By the time the quantity surveyor was using the word "prioritise", things were looking bleak, prior to this he had failed to get listed building consent 3 times, what should have been passed in December 2005 was not actually passed until July 2006. The initial scafolding phase of £30,000 for the first 6 months was expired and now costing £1500 a week plus vat, we we paying vat despite that Richmond Planning department had stated he should apply for vat exemption, but he did not, I asked him to support the main chimney stack, he ignored me, he also ignored a surveyor who inspected it, he ignored it again when it moved and was now leaning against the scaffold's tin roof.... it predictably collapsed. He wasted thousands cleaning low value items in the cellar contaminated with asbestos released by the fire engines water. The team he awarded the contract to was just 3 men, their progress was slow in fact 3 times slower than a team of 10 men, 5 times slower than a team of 15, and in the mean time the scaffolding was eating into to the remianing allocated funds.

Ann now 79 years old, widowed two weeks before the fire, her eldest son was becoming seriously ill. She was handed back a house with new roof but inside was a gutted shell.... No wiring, no Plumbing, no plastered walls and only 3 plastered ceilings, all the queen ann cornicing had gone, all the pannelled rooms had complete walls missing and those remaining we not only damaged by fire but also by the water supplied from the numerous fire stations ( Richmond, Chelsea, Sunbury, New Malden & Wembley) who provided pumps (engines) the 1000's of gallons of water poured in went when behind the painted panelling was absorbed immediately as it's reverse was unpainted, easily absorbed the panelling expanded rapidly making the panels warp, buckle and split.

The whole of the attic (where the fire had started) had been lost, it was now just studded walls showing where the intended rooms were to be re-instated. It was now bereft of any of its past, bright, uniform new timber was present alongside modern foam insulation.

The corridor to the ballroom had lost its welcoming arch and its oval skylight was a distant memory. Not only were doors missing, but their frames and their surrounding walls had left the site on the night of the fire and due to the surveyor they had not returned.

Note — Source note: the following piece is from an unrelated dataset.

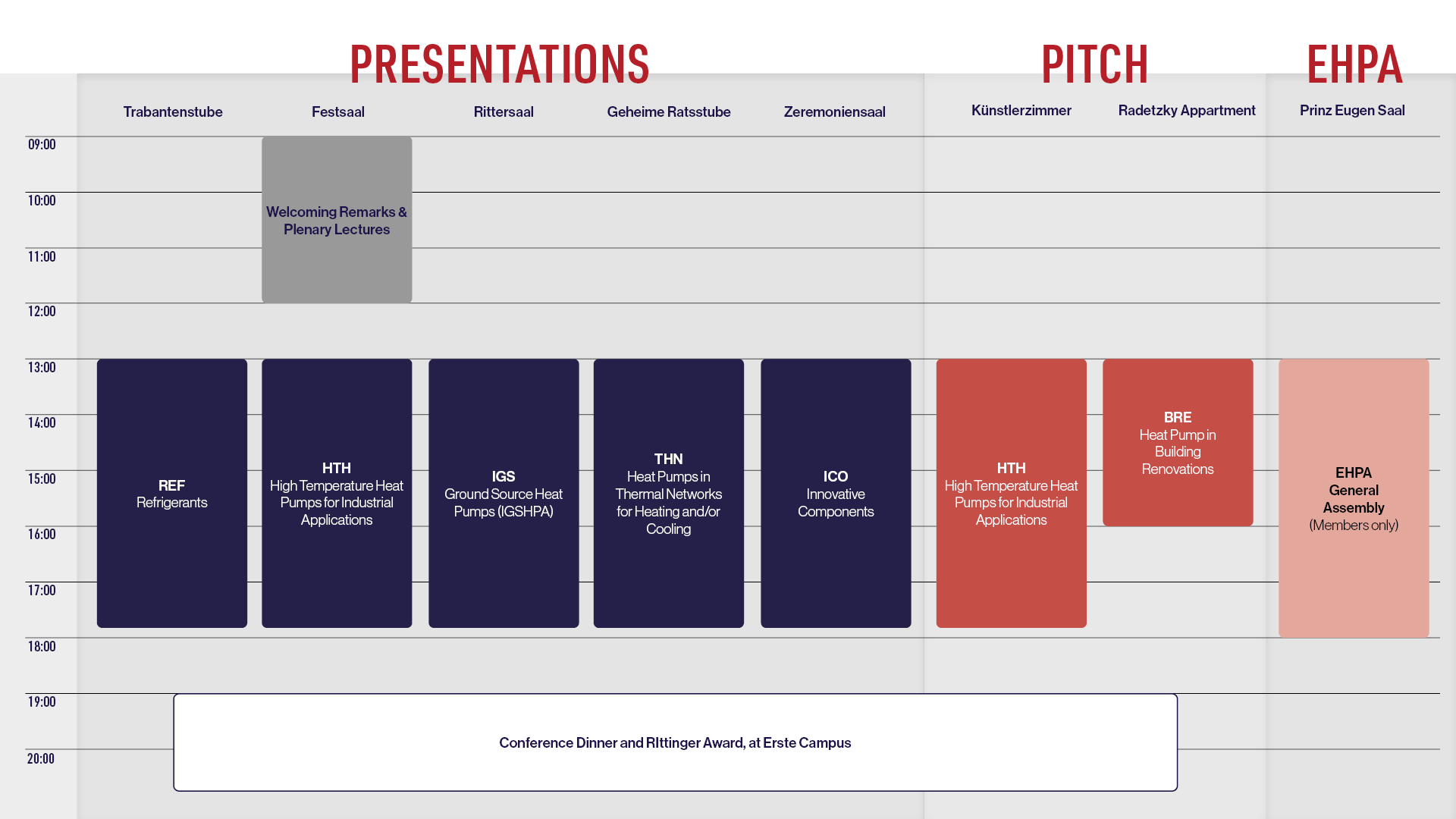 In the afternoon the program starts with scientific and applied technical presentations, accompanied by the exhibition. The EHPA general assembly will take place at the same time. The day will conclude in the evening with the conference dinner and the Rittinger award ceremony.

The master bedroom had new narrow floorboards, the hall floor which was 1930's parquet ( disguised with a painted black and white floor) , and the sitting room also had parquet flooring, but the water had ruined them, the builders had pulled them up and in doing so the had damaged the 18th century boards below.

The replaced main chimney stack was just breeze blocks, its marble surround was lost, no hearth, the surviving damaged panneling when later restored would have to be enlarged to accomodate the large mistaken size that replaced the former. The dining room chimney was jammed full of bricks. dumped there when the builders had lowered its height as a saftey measure when the first chimney collapsed.

The rebuild had taken so long that dryrot was spreading in the master bedroom unchecked.

In addition to the above, outside the remit of the insurance monies for the rebuild, parts of the property were in a poor state, the window sills were rotting away, front door's portch was suffering and it's base needed replacing, the Southside of ballroom wall (internally and externally) and ceiling was in need of repair, the bakehouse needed to be reboarded in parts , its lower brickwork re rendered, the solid weatherboard tarred with pitch, and the ballroom & Coach House eves and slates needed attention.